Objectives: When evaluating the pharmacodynamics of antimicrobials, assumptions are often made relative to their pharmacokinetics. One example of this is applying tissue penetration results of uninfected hosts to those displaying a targeted illness. As tigecycline evolves into a potential treatment option for pneumonia, we determined whether the presence of a lung infection affected the penetration of the drug into the epithelial lining fluid (ELF).
Methods: Single doses of tigecycline 50 and 25 mg/kg were administered to neutropenic ICR mice with or without the presence of an Acinetobacter baumannii lung infection. Serum samples were gathered at 0.5-24 h after tigecycline administration; bronchoalveolar lavage was conducted at 1, 1.5, 4 and 8 h. Tigecycline concentrations were determined by HPLC. Comparisons of ELF penetration in infected and uninfected lungs were based on the ratios of the AUC(0-8) in ELF and the free AUC(0-8) in serum. AUCs were calculated by the trapezoidal rule.

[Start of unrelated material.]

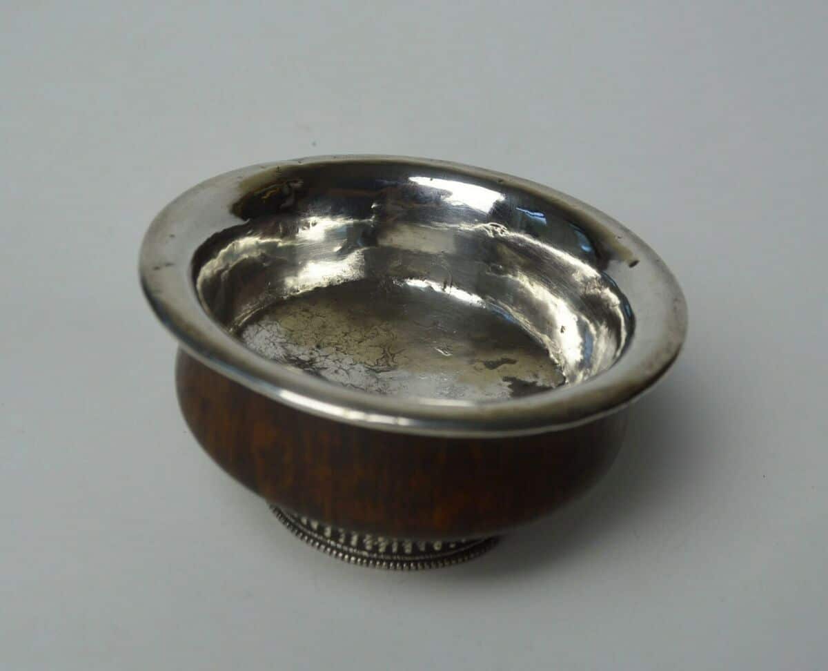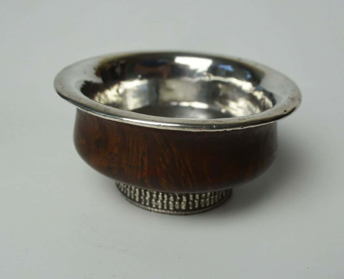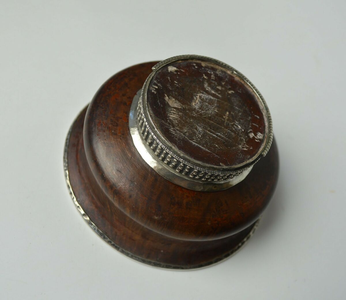 Nice antique Himalayan Tibetan silver wood tea bowl
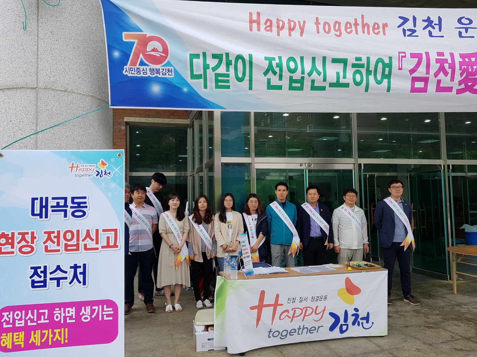 | 대곡동에서는 『김천愛 주소갖기 운동』의 일환으로 5월 18일에 개최 된 김천고등학교 한마음체육대회에서 현장전입반을 운영했다. 이날은 다소 많은 비가 예고되어 대회진행에 일부 난관이 예상됐지만 그럼에도 불구하고 학생과 학부모 모두 열성적으로 임하여 김천고의 뜨거운 열기를 실감케 했다.

Results: The group without pulmonary infection displayed an ELF penetration ratio of 8.1 and 6.2 for the 50 and 25 mg/kg doses, respectively. The respective penetration ratios in the infected lungs were 23.3 and 12.9.
Conclusions: While tigecycline exhibits excellent ELF penetration in healthy and infected murine lungs, the presence of infection greatly enhances penetration. Moreover, increased systemic exposures of tigecycline result in greater ELF penetration, regardless of infection status. When future tigecycline clinical trials for the treatment of pneumonia are considered, escalated doses may reap greater than expected benefits towards achieving adequate pharmacodynamic indexes within the lungs.